UI-AGILE: Advancing GUI Agents with Effective Reinforcement Learning and Precise Inference-Time Grounding
Summary: arXiv:2507.22025v4 Announce Type: replace
Abstract
The emergence of Multimodal Large Language Models (MLLMs) has driven significant advances in Graphical User Interface (GUI) agent capabilities. Nevertheless, existing GUI agent training and inference techniques still suffer from a dilemma for reasoning designs, ineffective reward, and visual noise. To address these issues, we introduce UI-AGILE for enhancing GUI agents at both training and inference.
Key Features of UI-AGILE
UI-AGILE introduces several innovative enhancements aimed at improving both the training and inference processes for GUI agents:
- Continuous Reward Function: This function incentivizes high-precision grounding, allowing for more accurate interactions with GUI elements.
- Simple Thinking Reward: A novel reward system that balances the need for planning with the necessity for speed and grounding accuracy, facilitating smoother agent performance.

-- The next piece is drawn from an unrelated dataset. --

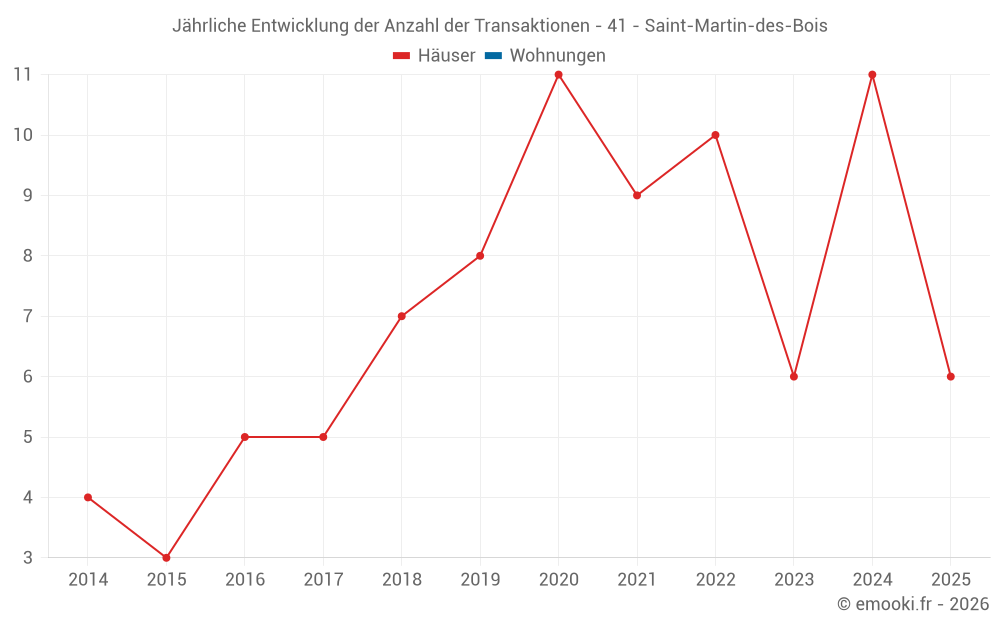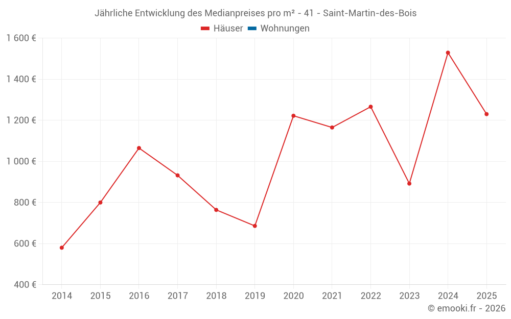 Der Durchschnittspreis auf den 22 Hausgeschäften der letzten 24 Monate in der Gemeinde Saint-Martin-des-Bois betrug 1 332 € pro Quadratmeter für einen mittleren Immobilienwert von 114 000 €. Über diesen Zeitraum hinweg lagen 60% der Transaktionen zwischen 861 und 1 599 € pro Quadratmeter (vom 2. bis zum 8. Dezil).

- Cropping-Based Resampling Strategy: This technique is designed to mitigate the sparse reward problem, enhancing the learning process on complex tasks by focusing on smaller, more manageable segments of data.
Inference Enhancements
In addition to training improvements, UI-AGILE incorporates advanced strategies for inference:
- Decomposed Grounding with Selection: This method significantly boosts grounding accuracy on high-resolution displays by breaking down images into smaller parts, allowing for more precise identification and interaction with GUI elements.
Performance Results
Experiments conducted using UI-AGILE have demonstrated remarkable improvements in grounding performance. The model achieved state-of-the-art results on two benchmarks: ScreenSpot-Pro and ScreenSpot-v2. Notably, the integration of both training and inference enhancements resulted in a 23% increase in grounding accuracy over the best baseline on ScreenSpot-Pro.
General Agent Capabilities
Besides focusing on grounding performance, UI-AGILE exhibits robust general agent capabilities, making it versatile for various applications beyond GUI interactions. Its design caters to a wide range of tasks, showcasing the potential for broader implementations in the field of AI.
Conclusion
The introduction of UI-AGILE marks a significant step forward in the development of GUI agents, addressing key challenges in training and inference processes. By leveraging continuous rewards, innovative resampling strategies, and refined grounding techniques, UI-AGILE stands out as a leader in advancing the capabilities of GUI agents.
Availability
For those interested in exploring UI-AGILE further, the code is available at GitHub Repository.